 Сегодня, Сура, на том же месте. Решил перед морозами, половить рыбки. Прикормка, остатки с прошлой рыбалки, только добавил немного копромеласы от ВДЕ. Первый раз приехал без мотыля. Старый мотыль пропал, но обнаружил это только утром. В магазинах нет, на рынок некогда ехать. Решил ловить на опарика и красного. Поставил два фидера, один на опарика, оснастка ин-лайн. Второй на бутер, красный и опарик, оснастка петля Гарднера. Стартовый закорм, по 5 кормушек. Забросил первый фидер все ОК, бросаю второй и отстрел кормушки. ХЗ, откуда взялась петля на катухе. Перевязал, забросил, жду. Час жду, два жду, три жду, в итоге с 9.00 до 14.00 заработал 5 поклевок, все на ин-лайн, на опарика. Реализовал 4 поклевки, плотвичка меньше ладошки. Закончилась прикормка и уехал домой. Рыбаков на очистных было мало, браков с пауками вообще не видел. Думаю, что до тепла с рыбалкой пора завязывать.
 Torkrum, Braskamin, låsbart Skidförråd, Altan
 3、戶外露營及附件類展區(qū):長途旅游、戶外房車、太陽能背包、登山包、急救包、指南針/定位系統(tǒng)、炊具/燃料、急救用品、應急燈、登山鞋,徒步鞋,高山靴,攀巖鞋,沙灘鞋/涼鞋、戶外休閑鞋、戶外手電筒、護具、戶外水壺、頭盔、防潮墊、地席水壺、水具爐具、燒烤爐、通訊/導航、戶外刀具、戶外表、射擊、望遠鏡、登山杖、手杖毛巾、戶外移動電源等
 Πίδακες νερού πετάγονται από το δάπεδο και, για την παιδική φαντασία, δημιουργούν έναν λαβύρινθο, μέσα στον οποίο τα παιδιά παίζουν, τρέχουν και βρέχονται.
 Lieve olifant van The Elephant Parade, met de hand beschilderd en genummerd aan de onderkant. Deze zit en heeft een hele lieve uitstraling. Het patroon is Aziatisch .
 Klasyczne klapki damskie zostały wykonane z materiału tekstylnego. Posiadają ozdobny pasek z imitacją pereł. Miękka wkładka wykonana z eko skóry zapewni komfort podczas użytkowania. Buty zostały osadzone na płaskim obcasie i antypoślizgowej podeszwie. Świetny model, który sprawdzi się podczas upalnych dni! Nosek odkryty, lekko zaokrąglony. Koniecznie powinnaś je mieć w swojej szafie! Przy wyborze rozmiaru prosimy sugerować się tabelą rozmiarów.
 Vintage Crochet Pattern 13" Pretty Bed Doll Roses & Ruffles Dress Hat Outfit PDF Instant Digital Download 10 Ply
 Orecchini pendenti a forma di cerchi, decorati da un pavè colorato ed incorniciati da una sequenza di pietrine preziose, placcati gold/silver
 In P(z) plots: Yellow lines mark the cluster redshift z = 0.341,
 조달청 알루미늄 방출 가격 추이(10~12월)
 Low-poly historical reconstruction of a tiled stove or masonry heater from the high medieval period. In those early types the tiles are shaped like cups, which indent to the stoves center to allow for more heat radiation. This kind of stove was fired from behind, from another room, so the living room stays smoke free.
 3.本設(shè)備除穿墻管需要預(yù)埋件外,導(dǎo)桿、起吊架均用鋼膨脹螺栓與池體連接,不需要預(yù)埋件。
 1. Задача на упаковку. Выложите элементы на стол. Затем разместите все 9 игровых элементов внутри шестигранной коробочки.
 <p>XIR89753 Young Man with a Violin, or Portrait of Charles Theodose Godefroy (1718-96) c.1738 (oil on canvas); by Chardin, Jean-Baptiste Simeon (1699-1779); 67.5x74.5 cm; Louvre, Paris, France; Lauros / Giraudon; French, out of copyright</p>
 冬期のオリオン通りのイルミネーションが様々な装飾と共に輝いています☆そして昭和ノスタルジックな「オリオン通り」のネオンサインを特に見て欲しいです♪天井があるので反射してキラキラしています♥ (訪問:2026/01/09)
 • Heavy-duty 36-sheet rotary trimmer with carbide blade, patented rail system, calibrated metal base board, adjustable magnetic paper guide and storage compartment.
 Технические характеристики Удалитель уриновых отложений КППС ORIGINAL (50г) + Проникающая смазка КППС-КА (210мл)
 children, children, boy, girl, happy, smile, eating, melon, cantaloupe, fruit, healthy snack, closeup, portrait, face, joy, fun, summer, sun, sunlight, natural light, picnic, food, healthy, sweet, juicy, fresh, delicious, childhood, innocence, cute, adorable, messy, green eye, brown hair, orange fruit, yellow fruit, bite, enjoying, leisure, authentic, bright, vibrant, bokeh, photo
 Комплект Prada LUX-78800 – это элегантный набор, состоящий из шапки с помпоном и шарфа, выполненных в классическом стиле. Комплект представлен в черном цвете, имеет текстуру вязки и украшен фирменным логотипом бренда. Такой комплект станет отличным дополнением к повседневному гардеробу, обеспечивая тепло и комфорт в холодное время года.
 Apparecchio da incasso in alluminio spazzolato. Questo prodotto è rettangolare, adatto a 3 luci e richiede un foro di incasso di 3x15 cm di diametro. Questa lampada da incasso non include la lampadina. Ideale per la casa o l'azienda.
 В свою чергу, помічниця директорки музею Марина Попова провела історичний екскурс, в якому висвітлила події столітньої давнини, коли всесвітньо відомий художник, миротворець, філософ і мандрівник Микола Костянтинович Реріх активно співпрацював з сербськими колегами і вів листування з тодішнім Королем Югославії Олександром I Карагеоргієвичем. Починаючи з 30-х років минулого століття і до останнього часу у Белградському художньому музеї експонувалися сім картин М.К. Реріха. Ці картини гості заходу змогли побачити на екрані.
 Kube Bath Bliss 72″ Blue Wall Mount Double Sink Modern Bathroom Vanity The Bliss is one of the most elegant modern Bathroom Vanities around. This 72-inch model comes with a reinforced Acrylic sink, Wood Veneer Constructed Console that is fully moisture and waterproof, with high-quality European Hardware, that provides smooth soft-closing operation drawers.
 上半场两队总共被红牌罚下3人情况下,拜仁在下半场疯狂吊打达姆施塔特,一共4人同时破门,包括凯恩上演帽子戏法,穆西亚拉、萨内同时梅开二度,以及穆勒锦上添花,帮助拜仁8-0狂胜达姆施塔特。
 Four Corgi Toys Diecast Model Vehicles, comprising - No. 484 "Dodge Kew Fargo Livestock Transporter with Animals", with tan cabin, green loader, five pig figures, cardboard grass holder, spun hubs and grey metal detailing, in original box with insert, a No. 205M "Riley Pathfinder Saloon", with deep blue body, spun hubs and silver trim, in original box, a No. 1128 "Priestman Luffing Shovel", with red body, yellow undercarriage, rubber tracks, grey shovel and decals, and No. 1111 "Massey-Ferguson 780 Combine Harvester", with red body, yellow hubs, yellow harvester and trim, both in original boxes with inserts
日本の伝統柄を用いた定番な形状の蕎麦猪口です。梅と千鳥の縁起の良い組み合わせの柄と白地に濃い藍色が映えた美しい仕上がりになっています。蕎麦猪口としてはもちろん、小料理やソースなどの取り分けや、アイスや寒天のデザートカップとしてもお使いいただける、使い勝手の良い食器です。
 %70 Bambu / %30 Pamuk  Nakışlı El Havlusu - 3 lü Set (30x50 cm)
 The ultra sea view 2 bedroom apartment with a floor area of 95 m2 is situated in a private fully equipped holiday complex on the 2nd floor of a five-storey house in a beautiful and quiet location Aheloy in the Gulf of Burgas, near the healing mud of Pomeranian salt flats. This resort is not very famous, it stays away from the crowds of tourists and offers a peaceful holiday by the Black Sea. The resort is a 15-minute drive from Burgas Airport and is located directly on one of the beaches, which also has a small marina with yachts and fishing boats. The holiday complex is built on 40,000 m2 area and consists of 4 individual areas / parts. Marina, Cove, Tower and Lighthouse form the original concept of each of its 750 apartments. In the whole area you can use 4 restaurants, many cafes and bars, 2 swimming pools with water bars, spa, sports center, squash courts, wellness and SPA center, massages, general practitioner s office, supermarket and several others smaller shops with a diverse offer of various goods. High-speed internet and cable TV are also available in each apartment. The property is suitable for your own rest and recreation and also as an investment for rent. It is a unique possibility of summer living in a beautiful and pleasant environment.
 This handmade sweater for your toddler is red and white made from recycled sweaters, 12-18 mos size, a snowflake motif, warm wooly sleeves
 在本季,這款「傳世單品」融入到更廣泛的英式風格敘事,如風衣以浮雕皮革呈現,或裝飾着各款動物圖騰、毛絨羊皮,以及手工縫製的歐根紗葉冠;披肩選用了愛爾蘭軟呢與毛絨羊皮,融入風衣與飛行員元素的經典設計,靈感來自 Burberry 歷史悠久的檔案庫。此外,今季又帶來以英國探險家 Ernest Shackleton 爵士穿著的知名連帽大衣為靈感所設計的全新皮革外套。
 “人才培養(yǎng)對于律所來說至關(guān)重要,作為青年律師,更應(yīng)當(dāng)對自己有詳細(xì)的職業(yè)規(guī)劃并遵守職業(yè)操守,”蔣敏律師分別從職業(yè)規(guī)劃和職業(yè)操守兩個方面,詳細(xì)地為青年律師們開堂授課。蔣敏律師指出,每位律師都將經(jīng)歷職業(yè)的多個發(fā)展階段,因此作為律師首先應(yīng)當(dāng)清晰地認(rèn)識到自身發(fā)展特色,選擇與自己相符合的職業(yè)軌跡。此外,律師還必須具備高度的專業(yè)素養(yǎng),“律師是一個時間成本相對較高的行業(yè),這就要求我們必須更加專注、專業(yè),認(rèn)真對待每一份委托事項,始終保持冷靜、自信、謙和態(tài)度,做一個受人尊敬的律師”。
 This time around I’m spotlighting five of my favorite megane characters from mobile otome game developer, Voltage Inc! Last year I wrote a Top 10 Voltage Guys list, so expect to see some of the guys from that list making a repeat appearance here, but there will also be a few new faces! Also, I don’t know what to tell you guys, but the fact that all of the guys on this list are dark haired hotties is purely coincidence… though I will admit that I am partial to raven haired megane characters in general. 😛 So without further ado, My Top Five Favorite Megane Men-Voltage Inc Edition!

——

#### [What the exercise asks]
Up to and including the line that contains "조달청 알루미늄 방출 가격 추이(10~12월)", output the records above exactly, beginning with their first line.

#### [Your response]
 Сегодня, Сура, на том же месте. Решил перед морозами, половить рыбки. Прикормка, остатки с прошлой рыбалки, только добавил немного копромеласы от ВДЕ. Первый раз приехал без мотыля. Старый мотыль пропал, но обнаружил это только утром. В магазинах нет, на рынок некогда ехать. Решил ловить на опарика и красного. Поставил два фидера, один на опарика, оснастка ин-лайн. Второй на бутер, красный и опарик, оснастка петля Гарднера. Стартовый закорм, по 5 кормушек. Забросил первый фидер все ОК, бросаю второй и отстрел кормушки. ХЗ, откуда взялась петля на катухе. Перевязал, забросил, жду. Час жду, два жду, три жду, в итоге с 9.00 до 14.00 заработал 5 поклевок, все на ин-лайн, на опарика. Реализовал 4 поклевки, плотвичка меньше ладошки. Закончилась прикормка и уехал домой. Рыбаков на очистных было мало, браков с пауками вообще не видел. Думаю, что до тепла с рыбалкой пора завязывать.
 Torkrum, Braskamin, låsbart Skidförråd, Altan
 3、戶外露營及附件類展區(qū):長途旅游、戶外房車、太陽能背包、登山包、急救包、指南針/定位系統(tǒng)、炊具/燃料、急救用品、應急燈、登山鞋,徒步鞋,高山靴,攀巖鞋,沙灘鞋/涼鞋、戶外休閑鞋、戶外手電筒、護具、戶外水壺、頭盔、防潮墊、地席水壺、水具爐具、燒烤爐、通訊/導航、戶外刀具、戶外表、射擊、望遠鏡、登山杖、手杖毛巾、戶外移動電源等
 Πίδακες νερού πετάγονται από το δάπεδο και, για την παιδική φαντασία, δημιουργούν έναν λαβύρινθο, μέσα στον οποίο τα παιδιά παίζουν, τρέχουν και βρέχονται.
 Lieve olifant van The Elephant Parade, met de hand beschilderd en genummerd aan de onderkant. Deze zit en heeft een hele lieve uitstraling. Het patroon is Aziatisch .
 Klasyczne klapki damskie zostały wykonane z materiału tekstylnego. Posiadają ozdobny pasek z imitacją pereł. Miękka wkładka wykonana z eko skóry zapewni komfort podczas użytkowania. Buty zostały osadzone na płaskim obcasie i antypoślizgowej podeszwie. Świetny model, który sprawdzi się podczas upalnych dni! Nosek odkryty, lekko zaokrąglony. Koniecznie powinnaś je mieć w swojej szafie! Przy wyborze rozmiaru prosimy sugerować się tabelą rozmiarów.
 Vintage Crochet Pattern 13" Pretty Bed Doll Roses & Ruffles Dress Hat Outfit PDF Instant Digital Download 10 Ply
 Orecchini pendenti a forma di cerchi, decorati da un pavè colorato ed incorniciati da una sequenza di pietrine preziose, placcati gold/silver
 In P(z) plots: Yellow lines mark the cluster redshift z = 0.341,
 조달청 알루미늄 방출 가격 추이(10~12월)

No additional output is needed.